First, let's import all necessary libraries and modules from our codebase.


In [None]:
# Standard libraries
import os
import sys
import numpy as np
import pandas as pd
import matplotlib.pyplot as plt
import seaborn as sns
from pathlib import Path
import json
import time
from typing import Dict, List, Tuple, Any
import warnings
warnings.filterwarnings('ignore')

# PyTorch
import torch
import torch.nn as nn
import torch.nn.functional as F
from torch.utils.data import DataLoader, random_split
from torch.optim import Adam, AdamW, SGD, RMSprop
from torch.optim.lr_scheduler import ReduceLROnPlateau, CosineAnnealingLR, StepLR, ExponentialLR

# Sklearn for metrics
from sklearn.metrics import r2_score, mean_squared_error

# Add project root to path
project_root = Path().resolve().parent.parent
sys.path.append(str(project_root))

print(f"Project root: {project_root}")
print(f"Python path updated")
print(f"PyTorch version: {torch.__version__}")
print(f"CUDA available: {torch.cuda.is_available()}")
if hasattr(torch.backends, 'mps'):
    print(f"MPS available: {torch.backends.mps.is_available()}")
else:
    print("MPS not available")


Project root: /Users/jaydenthai/Dev/University Work/2025sem2/Data Science Research Project /DS-Research-Project-Tumor-Expression
Python path updated
PyTorch version: 2.5.1
CUDA available: False
MPS available: True


In [None]:
# Import custom modules from our codebase
try:
    # Core model and data utilities
    from src.models.cnn.model import PromoterCNN
    from src.utils.data import PromoterDataset, load_and_prepare_data
    
    # Training and evaluation utilities
    from src.utils.training import train_epoch, validate_epoch, evaluate_model
    from src.utils.device import create_device_manager

    from improved_hyperparameter_tuning import EnhancedPromoterCNN
    
    # Visualization utilities
    from src.utils.viz import plot_results
    
    print("✅ Successfully imported all custom modules")
    print("   📁 CNN Model: PromoterCNN")
    print("   📁 Data Utils: PromoterDataset, load_and_prepare_data")
    print("   📁 Training Utils: train_epoch, validate_epoch, evaluate_model")
    print("   📁 Device Utils: create_device_manager")
    print("   📁 Visualization: plot_results")
    
except ImportError as e:
    print(f"❌ Import error: {e}")
    print("Please ensure the project structure is correct and src/ modules are available")


✅ Successfully imported all custom modules
   📁 CNN Model: PromoterCNN
   📁 Data Utils: PromoterDataset, load_and_prepare_data
   📁 Training Utils: train_epoch, validate_epoch, evaluate_model
   📁 Device Utils: create_device_manager
   📁 Visualization: plot_results


## Hyperparameter Loading and Configuration

Load the best hyperparameters from the JSON file and set up the experiment configuration.


In [12]:
# Load best hyperparameters from JSON file
print("⚙️  Loading best hyperparameters from JSON...")

# Load the best hyperparameters
best_hyperparams_path = project_root / "results" / "analysis" / "best_hyperparameters.json"
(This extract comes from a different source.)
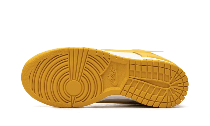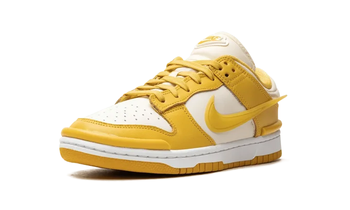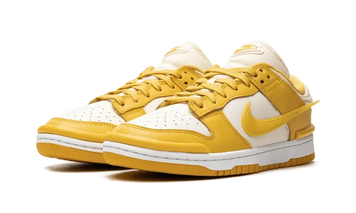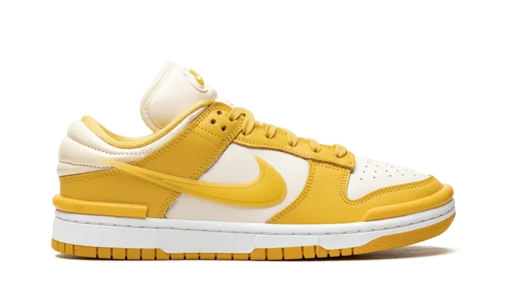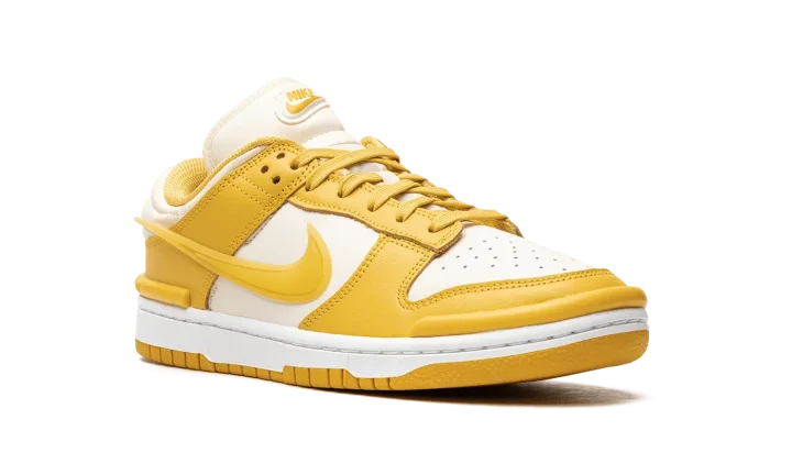 The Women's Nike Dunk Low Twist "Vivid Sulfur" is a women's-exclusive colorway of the retro basketball sneaker with a modified design. The Dunk Low Twist updates the classic shoe's look with unique features that include bumpers on the toe and heel, and detached Swooshes on the sides. A Coconut Milk-colored leather base is paired with Vivid Sulfur leather overlays. A raised "Nike" logo is seen on the tongue. A white rubber midsole and orange rubber outsole complete this eye-catching Dunk.

if not best_hyperparams_path.exists():
    raise FileNotFoundError(f"Best hyperparameters file not found: {best_hyperparams_path}")

with open(best_hyperparams_path, 'r') as f:
    params = json.load(f)

print(f"✅ Loaded best hyperparameters from: {best_hyperparams_path}")

# Display the loaded hyperparameters
print(f"\n🏗️  Architecture Configuration:")
print(f"   Depth (conv blocks): {params['depth']}")
print(f"   Base channels: {params['base_channels']}")
print(f"   Dropout: {params['dropout']}")
print(f"   Number of classes: {params['num_classes']}")

print(f"\n🎓 Training Configuration:")
print(f"   Optimizer: {params['optimizer']}")
print(f"   Learning rate: {params['learning_rate']}")
print(f"   Weight decay: {params['weight_decay']}")
print(f"   Batch size: {params['batch_size']}")
print(f"   Max epochs: {params['max_epochs']}")
print(f"   Early stopping patience: {params['early_stopping_patience']}")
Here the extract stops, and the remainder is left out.